Love is in the air, everyone! Of course when I say that around February 14 I mean the love retail stores have for everyone who runs in the morning of Valentine’s Day scrambling to get a random gift for their spouse, boyfriend/girlfriend, and even their “hook-up-that’s-actually-more-serious-than-they-thought”. Yes that’s right, I’m talking about Valentine’s Day gifts. There’s so many predictable things that happen on Valentine’s Day every. Single. Year. Instagram will be about 50% pictures of some super cute besties together with the overused “Sex and the City” quote about best friends being our soul mates and not needing men, 30% couple pictures with way too long and intimate captions professing their love for each other, and 20% pictures of presents with the caption “he spoils me so much! *heart eyed emoji*”. Twitter you’ll mostly find girls complaining about how they are forever alone for yet another Valentine’s Day, pictures of “50 Shades of Grey” movie tickets, and single guys who probably forgot it was Valentine’s Day until they checked their timeline. This happens every year, but single or not, I only have one request: STOP BUYING OVER-RATED VALENTINE’S DAY PRESENTS. I can scroll past the Instagram love novels, roll my eyes when you say you “don’t need a man”, and even play the world’s tiniest violin for your “forever alone” rants but I simply cannot ignore the useless and over-rated gifts that retail America has somehow convinced you are a good present for your S.O. What do I mean, over-rated gifts, exactly?
1. Giant Teddy Bears
This is #1 on the list mainly because of the popularity these giant stuffed animals have received on social media recently. Photos of grown men struggling to carry a life-size stuffed bear out of a Walmart have popped up all over my timeline with the simple caption “goals”. I am genuinely asking, why is that such a great goal? Really think here, what on earth are you going to do with a teddy bear your size after Valentine’s Day? Don’t even try to convince me that people aren’t going to think you’re super weird if you’re above the age of 7 with a giant teddy bear in the corner of your room, and unless your room is modeled after a Build-A-Bear store, Mr. Teddy Bear is definitely going to clash with your décor.
2. Heart Shaped Jewelry
“Oh, that’s a nice pair of heart shaped earrings, who got those for you?” Did you notice anything about that question, like maybe the fact that it is never assumed that someone buys heart shaped jewelry for themselves? Retail stores have convinced guys for years that what women really want for Valentine’s Day is heart shaped EVERYTHING. It’s as if that is the only acceptable shape to get jewelry on Valentine’s Day. I’m sorry, but after a non-existent survey I took, I have decided about 90% of women would much rather get jewelry that caters to her personal taste than a generic heart-shaped ring that will 100% be thrown away once you break up.
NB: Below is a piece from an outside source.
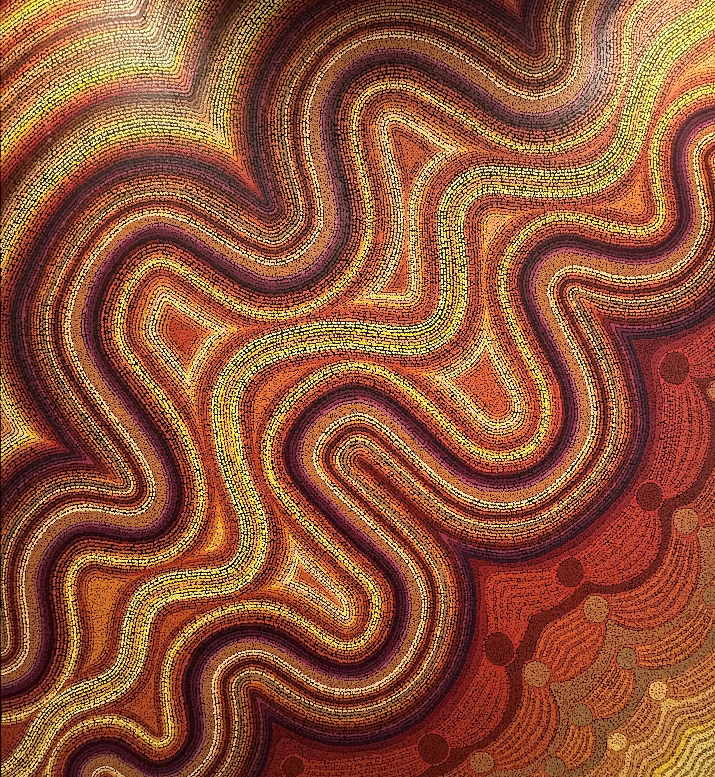 Artwork ► Ngayuku Tjamuku Tjukurpa (My Grandfather’s Story) By Megan Lyons, Pitjantjatjara. Represented by APY Arts Collective. Hanging in the Social Impact Hub Sydney office, on Gadigal lands of the Eora Nation.
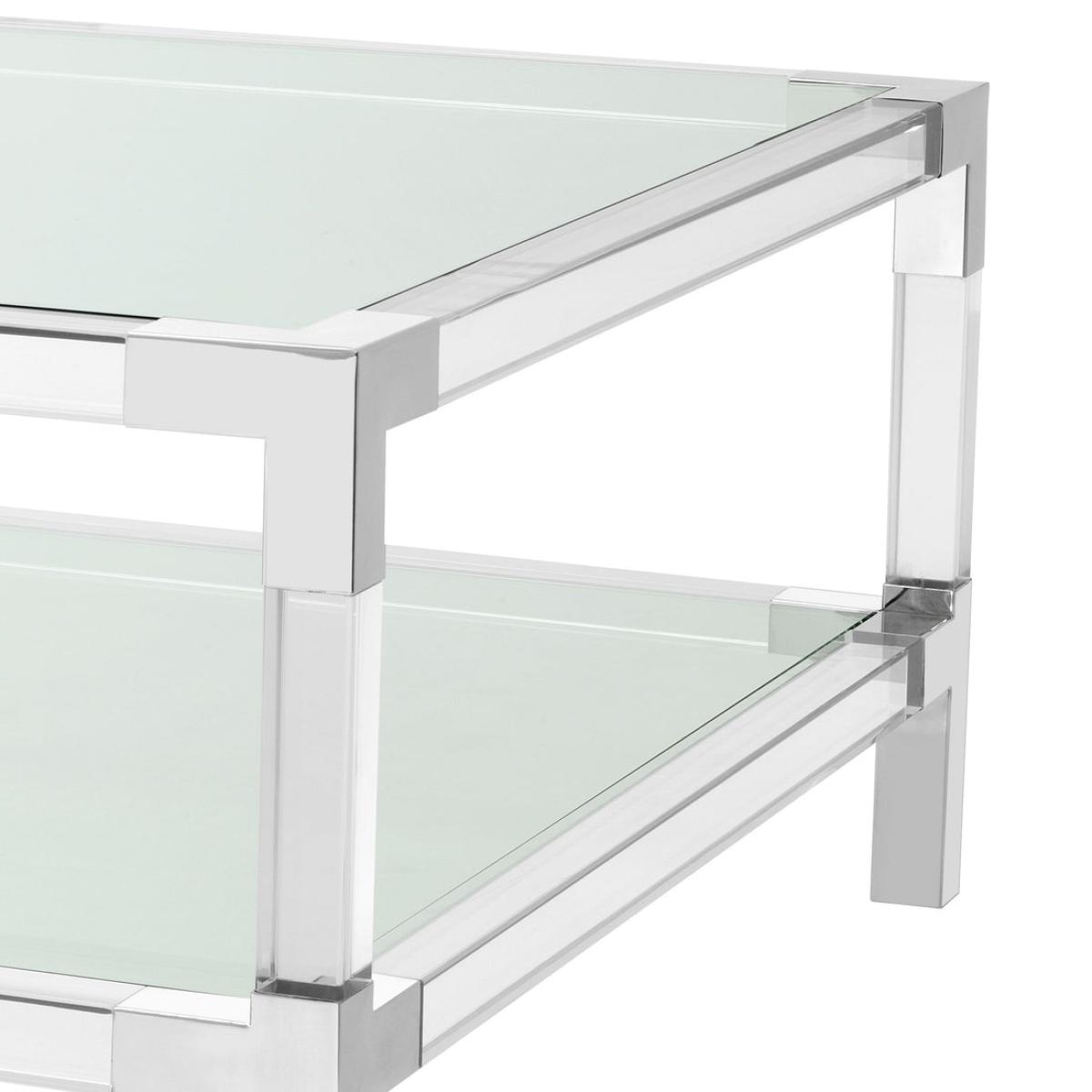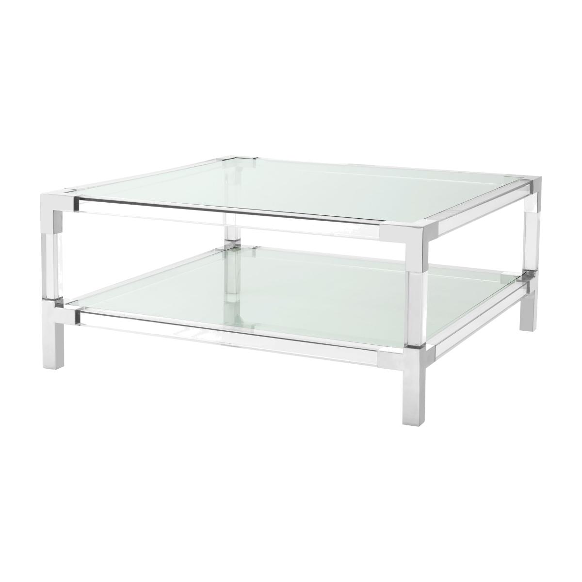 Coffee Table Royalton features two clear glass table surfaces that run parallel to clear acrylic rods. Corners and legs of polished stainless steel complete the modern aesthetic. CLEAN LINES WITH. View More. Coffee Table Royalton features two clear glass table surfaces that run parallel to clear acrylic rods. Corners and legs of polished stainless steel complete the modern aesthetic. CLEAN LINES WITH BAUHAUS ALLURE Enjoy the Bauhaus designer appeal of the Eichholtz Royalton series. Let these elements add a modern touch to your hallway, living room or bedroom. Combine with luxury lighting and accessories of the Eichholtz collection for a contemporary interior style. Outlet items may show some signs of minor cosmetic imperfections. Downloads:. Item specification sheet. Assembly instruction. Finish: Clear acrylic | polished stainless steel.

3. Heart Shaped Boxes of Chocolate
So before you all freak out at the fact that I would dare to not suggest chocolate as a Valentine’s Day present, let me point out I did not say “never get a girl delicious chocolate for Valentine’s Day”. I’m specifically talking about those red and pink boxes that CVS will mark 70% off on Febrauary 15. Sure, they look cute in pictures, but realistically you don’t know what you’re buying exactly and end up cautiously taking half-bites of all the chocolates and leaving behind most of them. The alternative? Get her favorite candy or an edible arrangement (with chocolate, if the arrangement doesn’t have chocolate you’re doing it wrong).
4. Heart Shaped Pillows
Just because this is a holiday supposedly dedicated to happy, loving couples does NOT mean I want to be bombarded with hearts all day. Maybe the heart shaped pillow seemed like a good idea when it was shoved in your face as you were leaving a convenience store, but what is your girlfriend going to do with a heart-shaped pillow after Valentine’s Day? Chances are her room is carefully crafted to her liking with a specific set of throw pillows and color scheme, and that hot pink 2x2 pillow you just bought her is for sure going to clash. Step away from the fluffy hearts, gentlemen.
5. Stuffed Animals that say “I Love You”
Picture this. It’s your girlfriend’s birthday, or Christmas. You’re trying to find a gift and you can’t think of anything when suddenly it hits you: “I’ll buy her a stuffed animal holding a heart that says I LOVE YOU!” Oh, that’s never happened to you? There is a reason for that and it’s called “why would my girlfriend ever want that?” But Valentine’s Day rolls around and all of a sudden it’s the best gift idea ever? Yeah a little teddy bear holding a heart is cute in theory, but I would probably leave it on my bed for a day or two before it slowly found its way to the back of my closet.
If you really care about your S.O, give them a special, unique gift for Valentine’s Day. Don’t be blinded by the pink and red and all the stuffed animals and hearts, think about finding a gift the same way you would for any other holiday. Happy love day, everyone!